How differ eCAP types in cochlear implants users with and without inner ear malformations: amplitude growth function, spread of excitation, refractory recovery function
Objectives Inner ear malformations (IEMs) may result in differences in outcomes of cochlear implant user. These differences could be observed in both behavioral and objective tests. eCAP is the most common used objective test in cochlear implants and have different presence rate in cochlear implant users with and without IEMs. This study aims to evaluate eCAP results from CI user with and without IEMs through different recoding methods; amplitude growth function, spreads of excitation and refractory recovery. Methods There were 42 CI users (20 IEM&22 normal) above five-years old and with at least one year experience.
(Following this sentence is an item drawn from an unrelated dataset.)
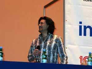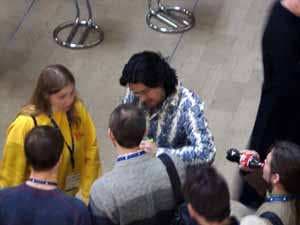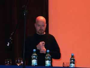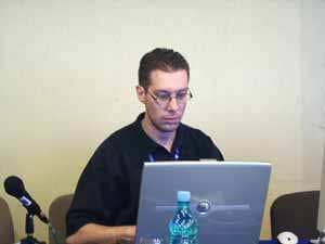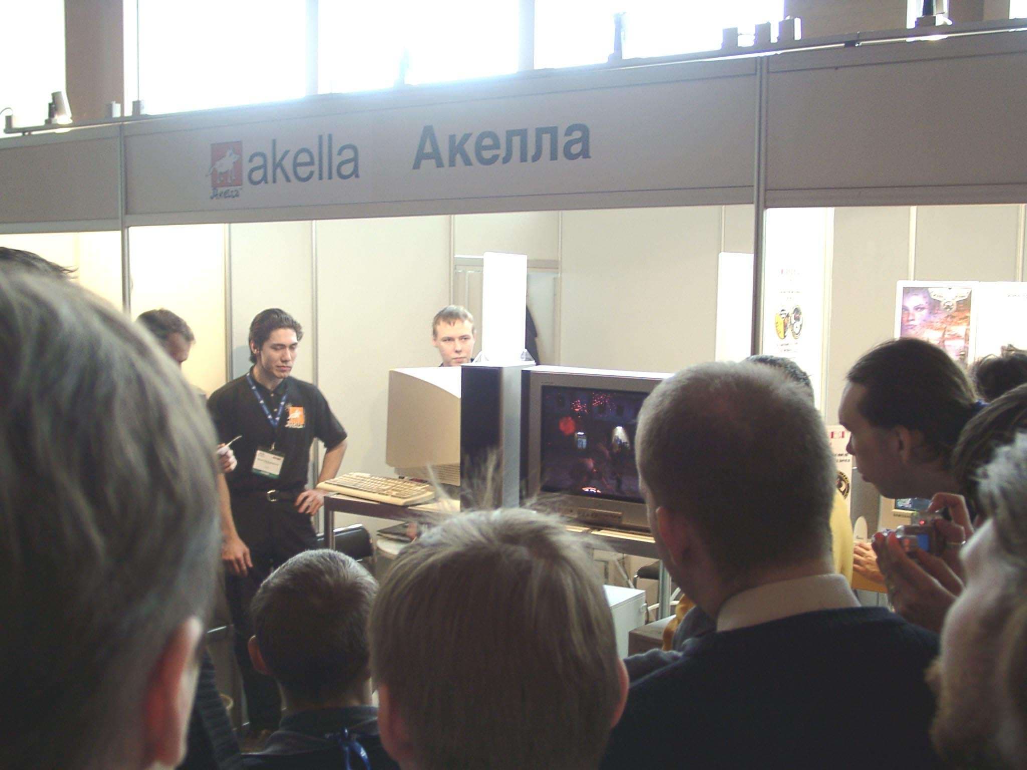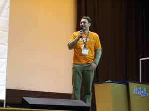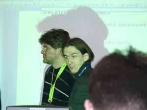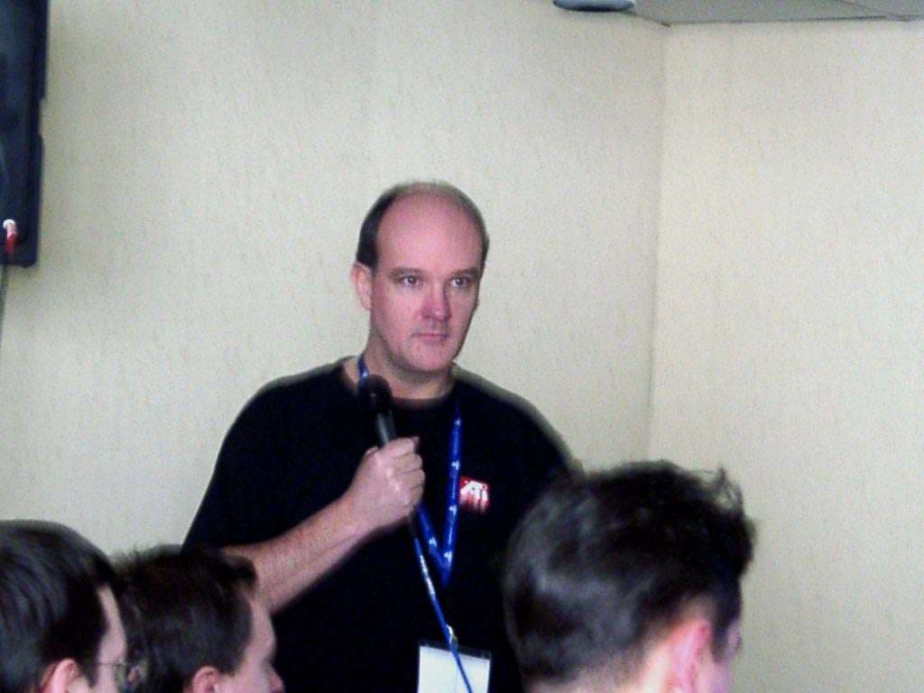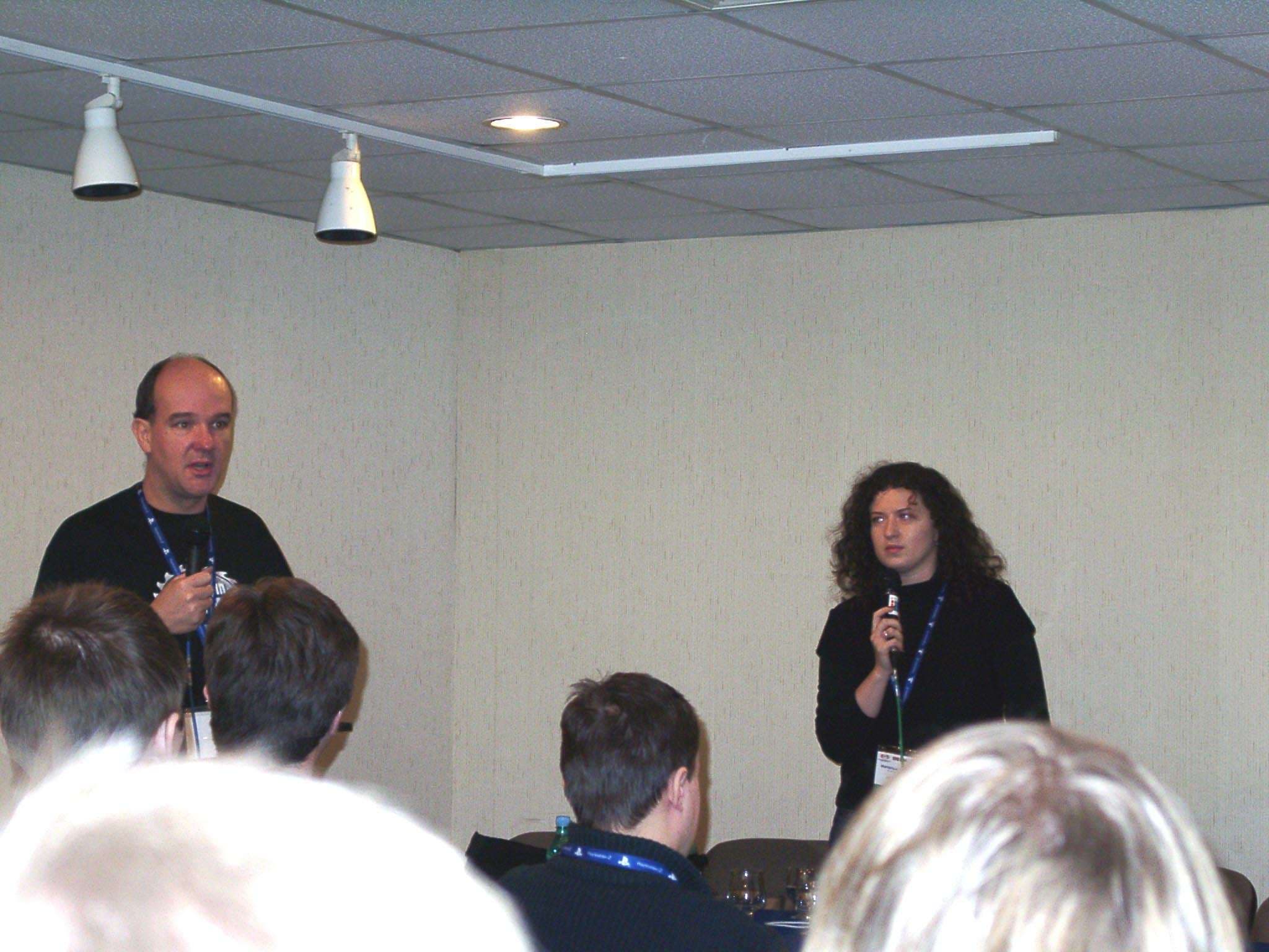 Затем по очереди выступили представители Оггкомитета Конференции (Александр Федоров), спонсоров мероприятия, в частности компаний Intel (Дмитрий Ильин, речь была посвящена более активному использованию новых технологий Intel, прежде всего HyperThreading в играх) и ATI (Геннадий Ригер). Завершилась церемония выступлением звездной, так сказать, пары: Тома Холла (Tom Hall) и Джона Ромеро (John Romero, ex-id Soft, ex-ION Storm) из компании Midway Entertainment.

Three different eCAP measurement was conducted at several intracochlear electrodes. Presence rate, threshold levels and amplitude were compared between groups. Results For Amplitude growth function measurement, when the percentage of detected eCAP thresholds was analyzed between groups, there was a significant difference only for basal electrode and no significant difference for apical and middle electrodes. Similarly, the presence rate of RecF-eCAP for both groups were in a downward trend from apical to basal. However, there was no significant difference in AGF-eCAP and RecF-eCAP amplitudes between groups for the cochlea’s apical, middle and basal region. Although the presence rate of SOE-eCAP was lower for IEM group, there was no significant difference in ECAP amplitudes for all maskers. Conclusions It could be inferred that even though the observable eCAP rate differed between these two groups when the observable eCAP was recorded, the IEM group produced eCAP with similar amplitudes to normal cochlea group.